Bad Security Moon Rising
Nov 22, 2011 5:00 AM PT
All things considered, this past week has been hell on security professionals.
On Monday, AT&T Wireless announced that hackers used automatic scripts to target some subscribers in a bid to steal information stored in their online accounts. They apparently didn't succeed.
Hackers have breached security at utilities in Springfield, Ill., and in South Houston, Texas, in what might prove to be a sign of things to come.
Meanwhile, Norway's oil, gas and defense installations also were breached.
On the mobile front, security vendors are once again saying that Android is fast becoming a major mobile threat, echoing a warning that's growing all too familiar.
Cybermiscreants last week also made friending painful, flooding some Facebook users' accounts with porn and gore, eliciting complaints and, in some cases, cancellations.
Eager to come to grips with cybersecurity issues, the United States is seeking to criminalize violations of a given site's TOS on the one hand, and gunning for Chinese communications companies Huawei and ZTE on the other.
No Power to the People
A hacker apparently reconfigured the SCADA (supervisory control and data acquisition) system at a small water utility in Springfield, Ill., causing a pump to break down.
Another hacker, with the handle "pr0f," claimed to have cracked the system of a utility serving the city of South Houston and posted screenshots of its IT infrastructure.
SCADA systems are used in industries like electric utilities whose demands and processes aren't designed with security in mind, Joseph Weiss, managing partner at Applied Control Solutions, told TechNewsWorld.
Is Electric Utility Security a Damp Squib?
The utilities don't want to face the issue, Weiss alleged.
"I just held my latest annual conference on cyber control systems, and EPRI and NERC weren't there," Weiss said. "They don't want to hear this. It just doesn't make sense."

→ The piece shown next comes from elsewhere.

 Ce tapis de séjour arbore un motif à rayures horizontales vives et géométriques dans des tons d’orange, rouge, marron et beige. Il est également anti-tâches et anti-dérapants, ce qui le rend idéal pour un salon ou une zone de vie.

EPRI, the Electric Power Research Institute, is funded by electric utilities that together generate and distribute more than 90 percent of the electricity consumed in the United States. NERC,the North American Electric Reliability Corporation, ensures the reliability of the North American bulk power system.

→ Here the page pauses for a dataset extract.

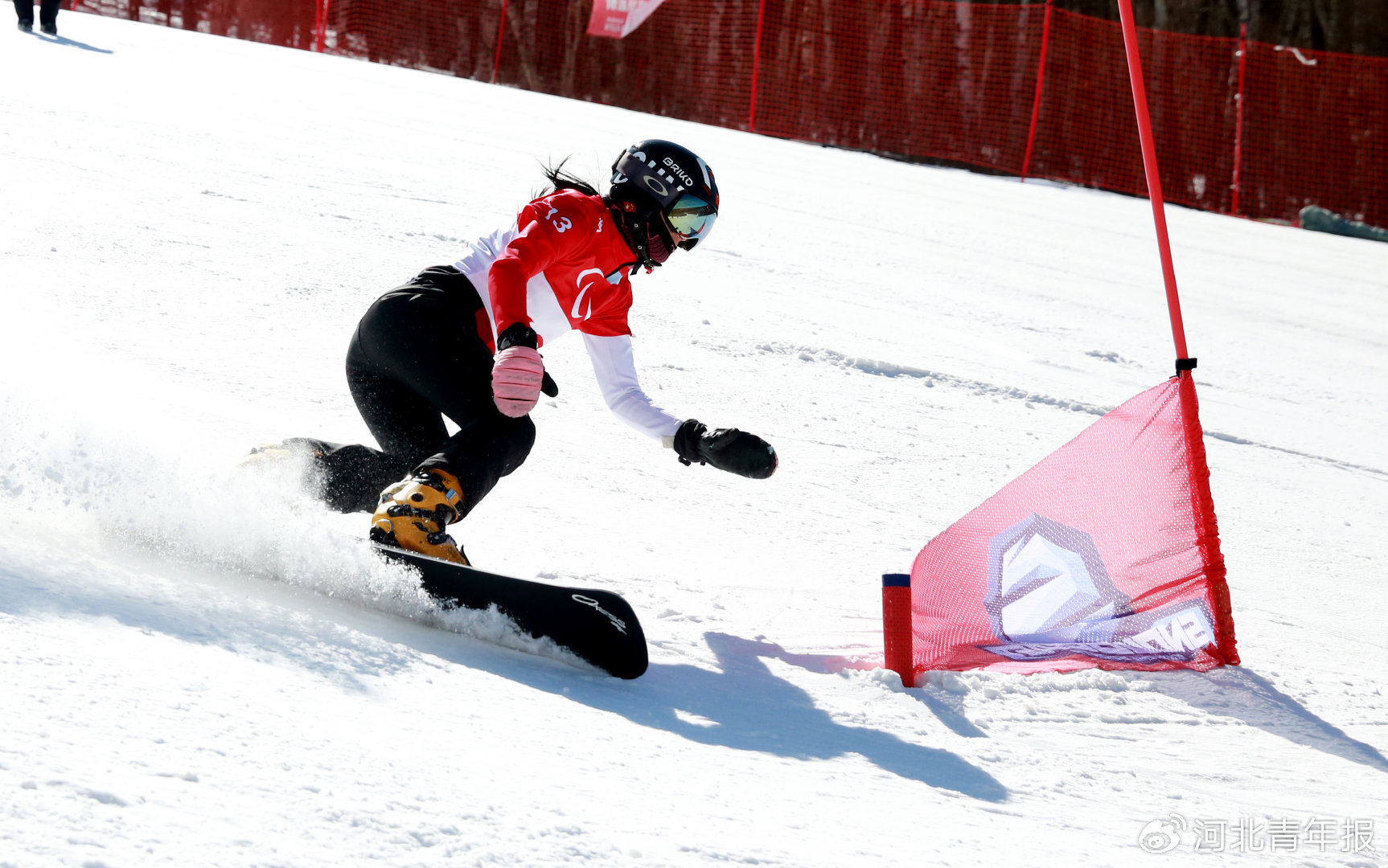 3月20日,河北运动员赵月月在单板滑雪平行回转听障女子组比赛中获得金牌。

EPRI didn't respond to requests for comment by press time.
Android's a Pain in the Mobile Device
Security experts have renewed warnings that Android malware poses a clear and present danger to mobile device users.
That's possibly tied in with the skyrocketing popularity of Android gadgets. They accounted for more than 52 percent of smartphone sales to end users worldwide in the third quarter, more than doubling market share year over year, according to Gartner.
However, they're also becoming a increasingly popular target for malware, according to recent studies produced by Juniper Networks and McAfee.
Security experts partially blame Google's laissez-faire attitude toward vetting Android apps for the maladies, and they're once again voicing concern on that issue.
Subverting Facebook Friendships
Facebook was hit hard this past week by hackers that managed to pepper some members' News Feeds with images that were gory, pornographic or, in some cases, both.
"This particular outbreak of inappropriate imagery could [lead to] a second, third or deeper wave of attacks that keep riding on one another in a never-ending cycle," Armando Carillo Jr., Web media manager at Zvelo, told TechNewsWorld.
Fly Like an Eagle
American lawmakers are responding to the multifarious cyberthreats facing the U.S.
The U.S. House of Representatives' committee on intelligence has begun investigating a possible threat from the penetration of Chinese owned-telecoms companies, including Huawei and ZTE, into U.S. telecommunications infrastructure.
Meanwhile, the U.S. Defense Department has renewed warnings that the country reserves the right to retaliate with military force against a cyberattack.
Finally, the U.S. Department of Justice has begun seeking harsher penalties for various unlawful online activities. It's also seeking to make it a crime to violate websites' terms of service, a measure that could theoretically criminalize the use of an alias when creating a profile on a site.
The DoJ told Congress that this measure's necessary in order to stop unauthorized access by insiders to sensitive information.
That has privacy advocates worried.
"There's a lot of people who, for legitimate reasons, assume a different identity online," Gregory Nojeim, director of the project on freedom for the Center for Democracy and Technology, told TechNewsWorld.